Hi,
When I tried to change the hbase table name into other names, from the
default "webpage" into "nutch_test_table" for example, I found there are
one inconsistency between configuration value and the code.
in the nutch-default, it has:
<property>
<name>storage.schema</name>
<value>webpage</value>
<description>This value holds the schema name used for Nutch web db.
Note that Nutch ignores the value in the gora mapping files, and uses
this as the schema name.
</description>
</property>
but in the code:
src/java/org/apache/nutch/storage/StorageUtils.java:
schema = conf.get("storage.schema.webpage", "webpage");
Whenever I changed the name in config, it always will use webpage as schema
and get the following warning:
"
store.HBaseStore - Keyclass and nameclass match but mismatching table names
mappingfile schema is 'nutch_test_table' vs actual schema 'webpage' ,
assuming they are the same.
""
When I change the code into:
Index: src/java/org/apache/nutch/storage/StorageUtils.java
===================================================================
--- src/java/org/apache/nutch/storage/StorageUtils.java (revision 1357962)

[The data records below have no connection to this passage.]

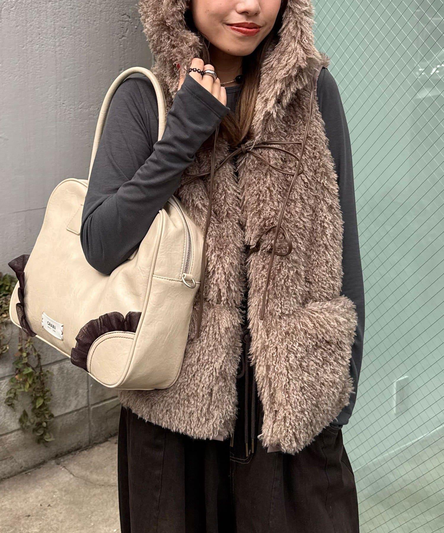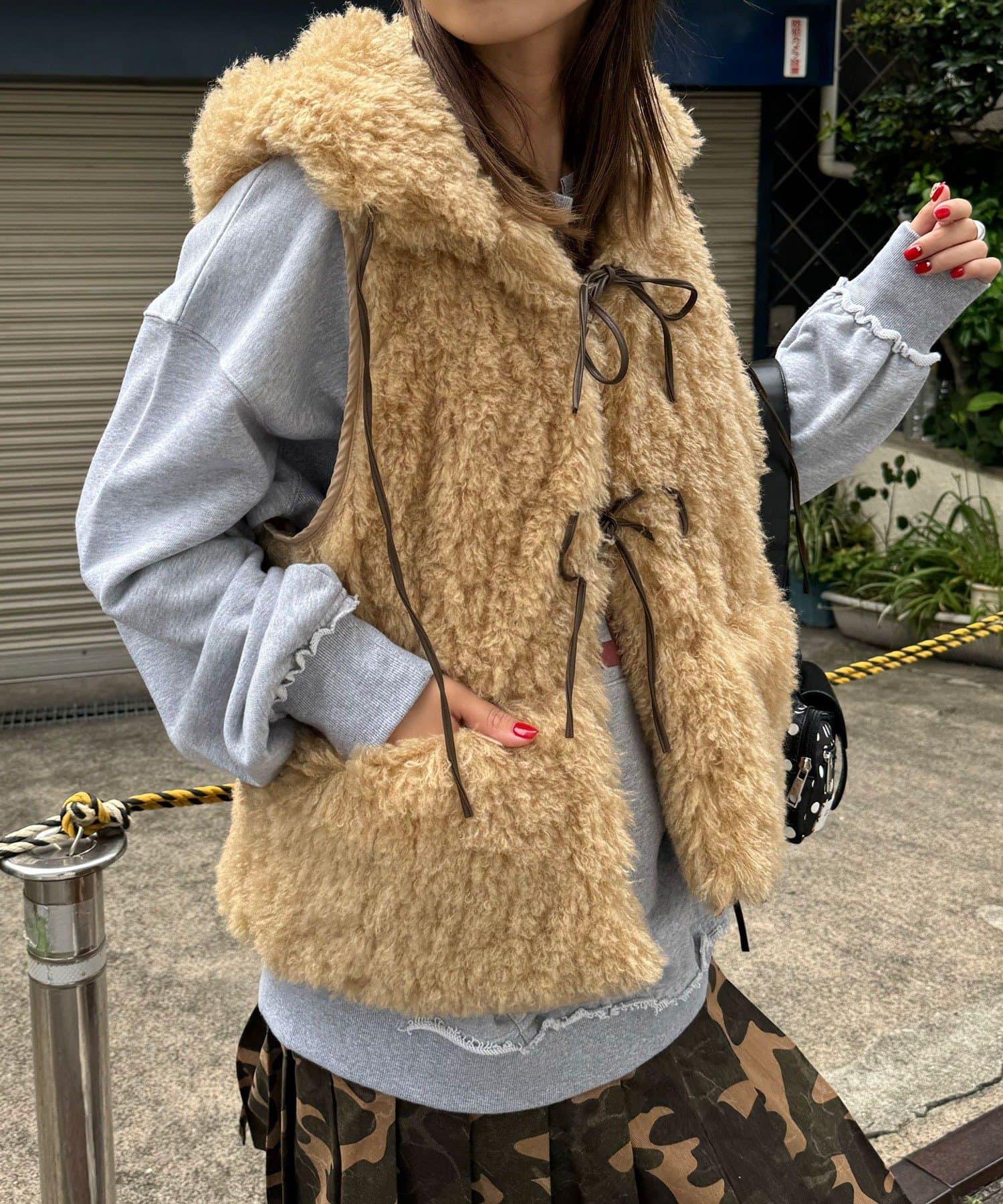 帶食物口袋的蝴蝶結毛絨馬甲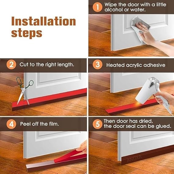 【INSTALLATION GUIDE】- 1)Measure the bottom of the door and cut the excess seal; 2)Clean and dry the surface; 3)Peel off the backing film; 4)Apply the strip to the door. Easy to install and stays in place. **Take on a couple of these steps and you will be amazed by the results!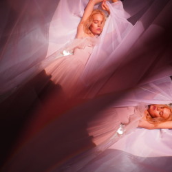 Зона с белой струящейся тюлью над циклорамой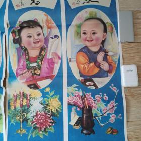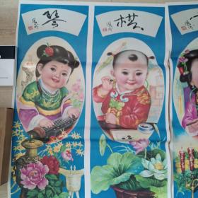 年画《琴棋书画屏》保真库存

+++ src/java/org/apache/nutch/storage/StorageUtils.java (working copy)
@@ -51,7 +51,7 @@
String schema = null;
if (WebPage.class.equals(persistentClass)) {
- schema = conf.get("storage.schema.webpage", "webpage");
+ schema = conf.get("storage.schema", "webpage");
} else if (Host.class.equals(persistentClass)) {
schema = conf.get("storage.schema.host", "host");
} else {
It works well. I think we should change either the code or default config
items. Not sure it's a known problem or it's just not recommended to use
other tables.
Tianwei